Design Motivation: While assignments are dataset-specific, the structure of "two groups + concept depending on context" is universal. By learning "how to handle the relationship between groups" rather than "how to handle specific channels," the model becomes transferable. This reduces a high-dimensional channel configuration problem into a stable two-group problem.

2. CCE (Context-Concept Encoder): Group-Independent Encoding and Fusion

Mechanism: CCE resolves the contradiction between capturing dependencies and remaining transferable by encoding groups separately before fusion. Group-specific convolutional stems (\(h_{c1}, h_{c2}\)) and lightweight branch encoders (\(f_{c1}, f_{c2}\)) are used to tokenize and encode each group independently to a certain depth.

Function: Tokenization and intra-group encoding:

\[\tilde{x}^i_{c1} = h_{c1}(x^i_{c1}) \in \mathbb{R}^{N \times d}, \quad \hat{x}^i_{c1} = f_{c1}(\tilde{x}^i_{c1}) \in \mathbb{R}^{N \times d}\]

Fusion and joint encoding:

\[\hat{x} = g\big(\{\hat{x}^i_{c1}\}_{i=1}^{C_1}, \{\hat{x}^j_{c2}\}_{j=1}^{C_2}\big) \in \mathbb{R}^{N \times D}, \quad y = f_s(\hat{x}) \in \mathbb{R}^{D}\]

where \(D = 2d\).
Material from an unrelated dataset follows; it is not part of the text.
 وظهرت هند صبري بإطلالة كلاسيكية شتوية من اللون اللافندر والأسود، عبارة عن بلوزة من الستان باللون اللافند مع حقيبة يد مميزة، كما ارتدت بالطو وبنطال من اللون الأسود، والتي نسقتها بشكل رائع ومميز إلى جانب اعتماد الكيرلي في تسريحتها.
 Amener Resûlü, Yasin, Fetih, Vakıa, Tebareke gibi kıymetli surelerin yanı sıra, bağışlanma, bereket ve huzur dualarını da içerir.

Unlike ChannelViT, which concatenates all channels into long sequences resulting in quadratic complexity, CCE processes channels through branch encoders independently, achieving linear complexity relative to channel count. Crucially, CCE learns group-specific distinctions that allow the global representation \(y\) to transfer directly to unseen datasets.

3. MCD (Masked Context Distillation): Forcing Independence via "Limited Context"
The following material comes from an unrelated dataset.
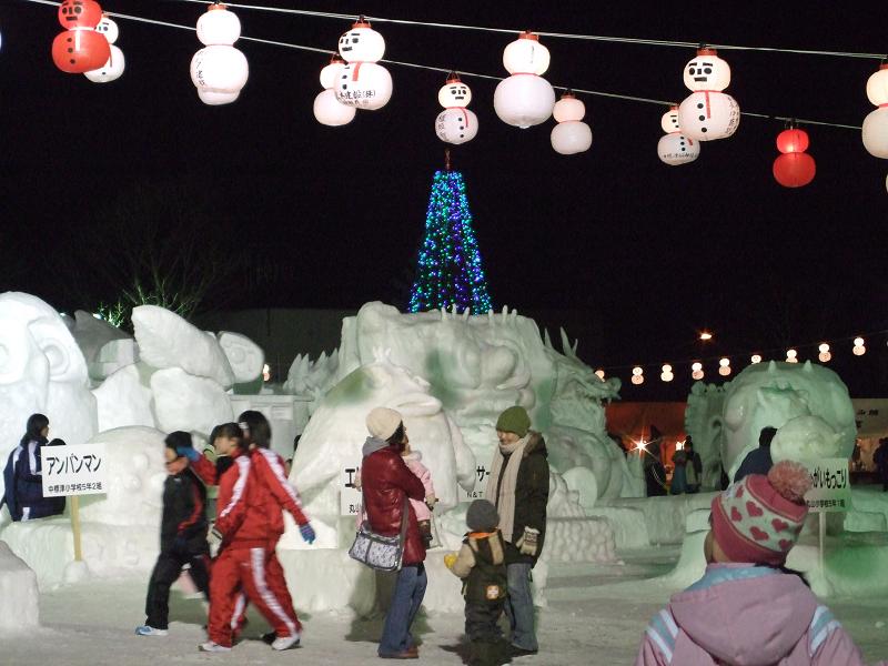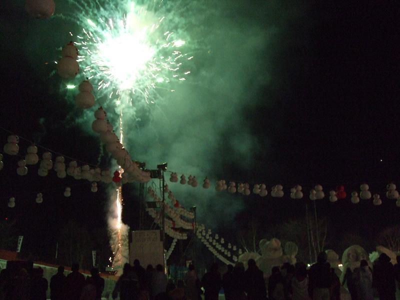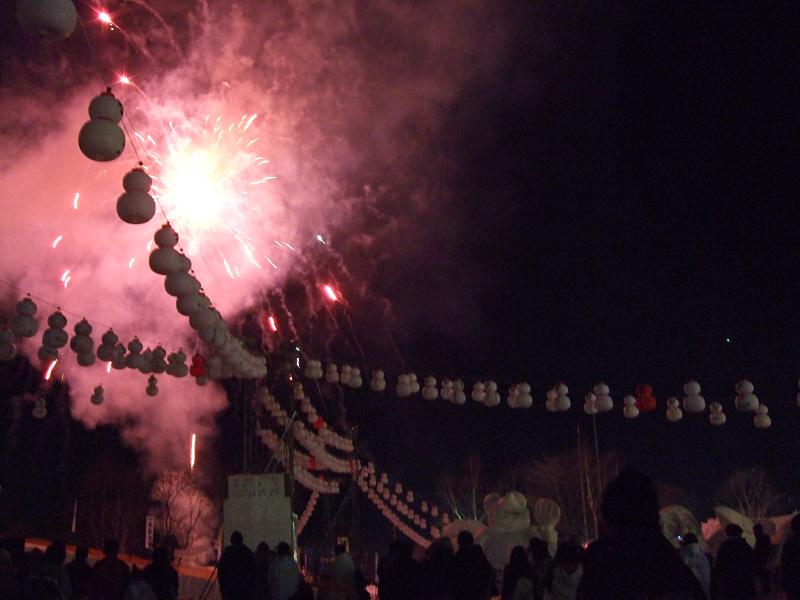 雪だるまの形をした、赤い提灯・白い提灯で会場を飾られた冬まつり、冬の花火はとっても綺麗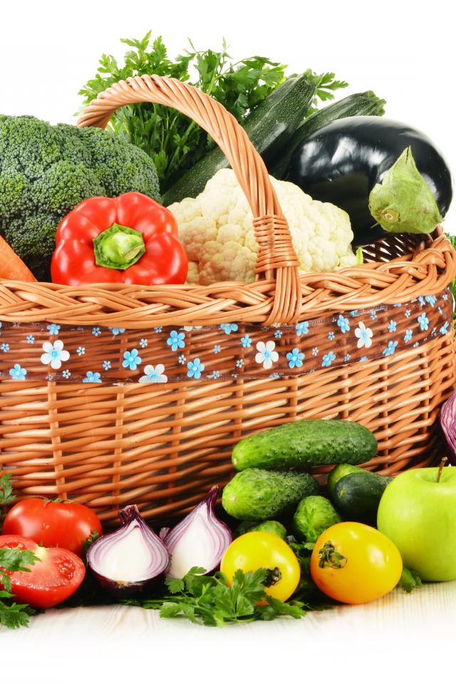 Wallpaper Large basket of vegetables on a white background

Mechanism: MCD is a pre-training strategy that ensures concept channels can support representations even when the context is incomplete. Building on iBOT's teacher-student distillation, it introduces a context channel sampling strategy: given two augmented views \(u\) and \(v\), the student receives view \(u\) with a randomly sampled subset of \(c\) context channels (\(1 \le c \le C_1\)), while the concept group remains intact. The teacher receives the full context from view \(v\).

\[u_{s,c1\text{-}smp} = \text{sample}(u_{c1}, c), \quad u_s = [u_{c1\text{-}smp}, u_{c2}], \quad v_t = [v_{c1}, v_{c2}]\]

The distillation loss is the KL divergence between the student's and teacher's projections \(z_s, z_t\):

\[L_{MCD} = L_{KL}(z_t \,\|\, z_s) = \sum_{k=1}^{K} z_t(k) \log \frac{z_t(k)}{z_s(k)}\]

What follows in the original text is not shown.